▶ [TASK OBJECTIVE]: Reproduce, word for word, the lines in the material below starting with the one that has "Sabu dengan berat" and going on through the one that has "Tryckspruta av hög". Leave out all pictures.

##### GIVEN MATERIAL

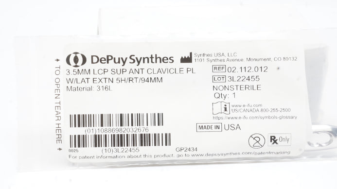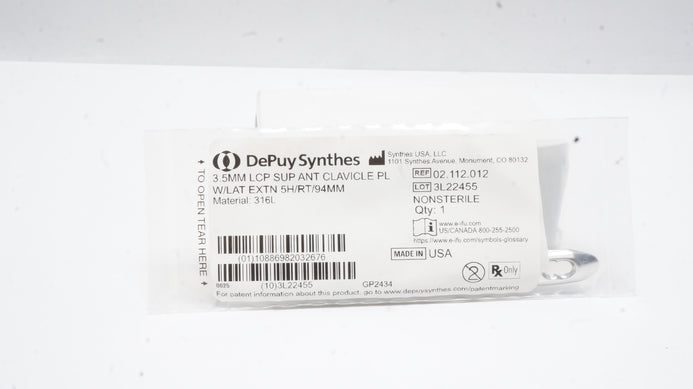 - Synthes 02.112.012 3.5mm LCP SUP ANT Clavicle Plate w/Lat Extn 5H/RT/94mm
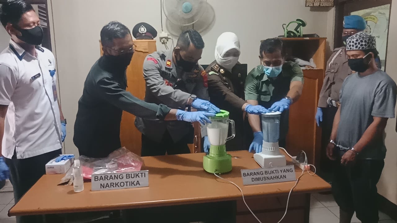 Sabu dengan berat 1,06 gram dimusnahkan dengan cara dilarutkan ke dalam air detergen, kemudian di blender dan selanjutnya dibuang ke saluran air. Sebelum dimusnahkan, barang bukti tersebut diuji melalui laboratorium untuk dipastikan keasliannya.
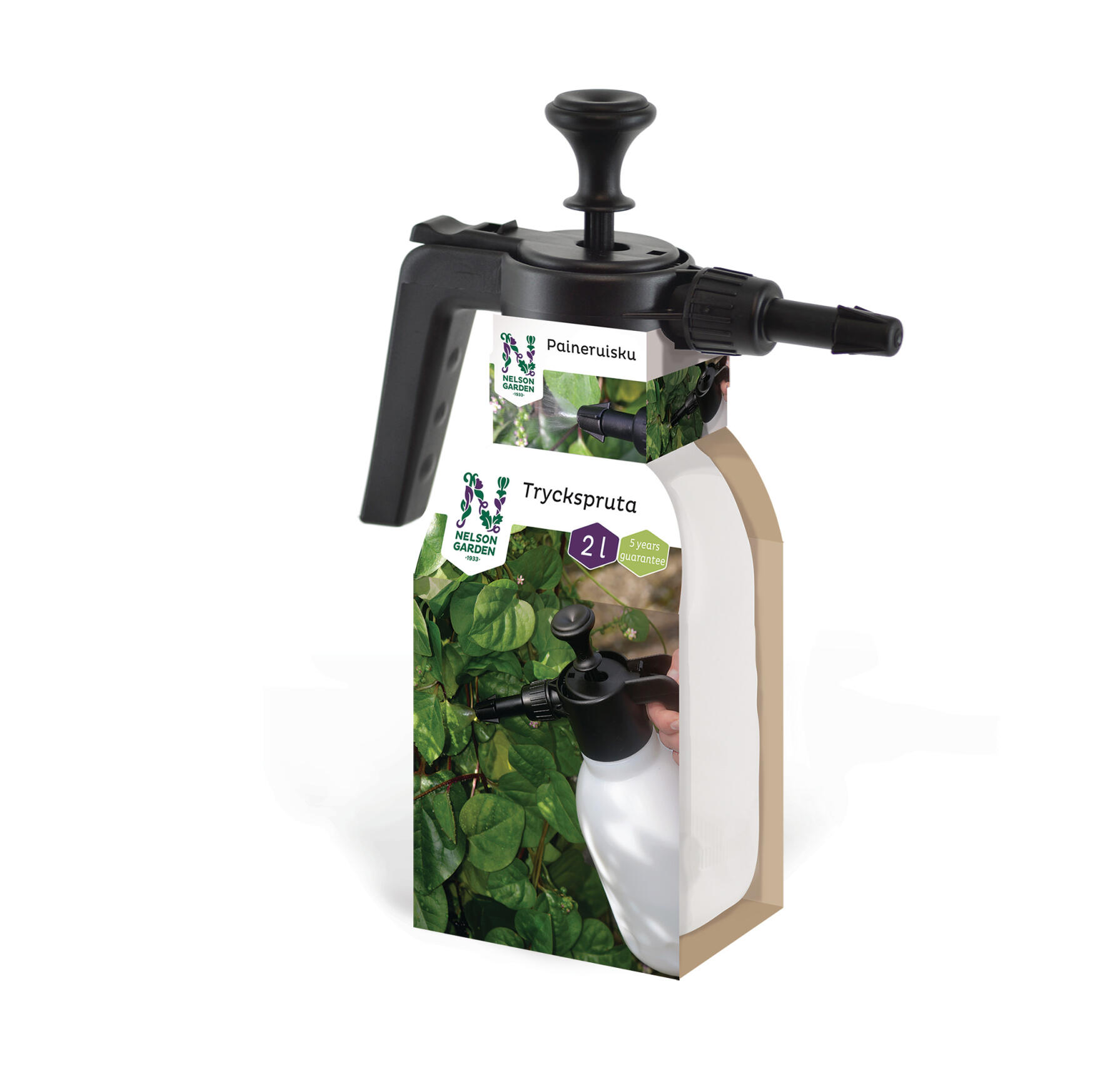 Tryckspruta av hög kvalitet för vatten eller bekämpningsmedel. Graderad behållare, avtryckare som kan spärras och steglöst justerbart munstycke från stråle till vätskedimma. 2 liter. 5 års garanti.
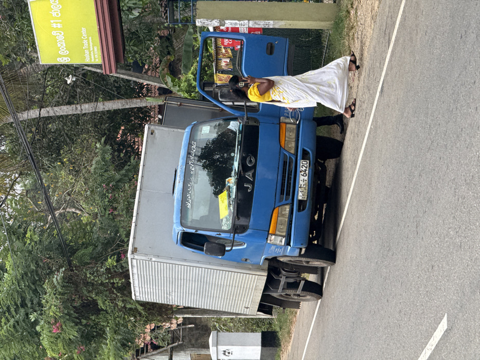 A blue JAC truck with an open door parks on the side of a road. A woman in a yellow and white dress stands near the open door, talking on a cell phone. The truck has a white container on the back. Lush green trees and foliage surround the truck. A sign reading "Hashan Trade Center" is visible in the background.

##########

▶ [SOLUTION]:
 Sabu dengan berat 1,06 gram dimusnahkan dengan cara dilarutkan ke dalam air detergen, kemudian di blender dan selanjutnya dibuang ke saluran air. Sebelum dimusnahkan, barang bukti tersebut diuji melalui laboratorium untuk dipastikan keasliannya.
 Tryckspruta av hög kvalitet för vatten eller bekämpningsmedel. Graderad behållare, avtryckare som kan spärras och steglöst justerbart munstycke från stråle till vätskedimma. 2 liter. 5 års garanti.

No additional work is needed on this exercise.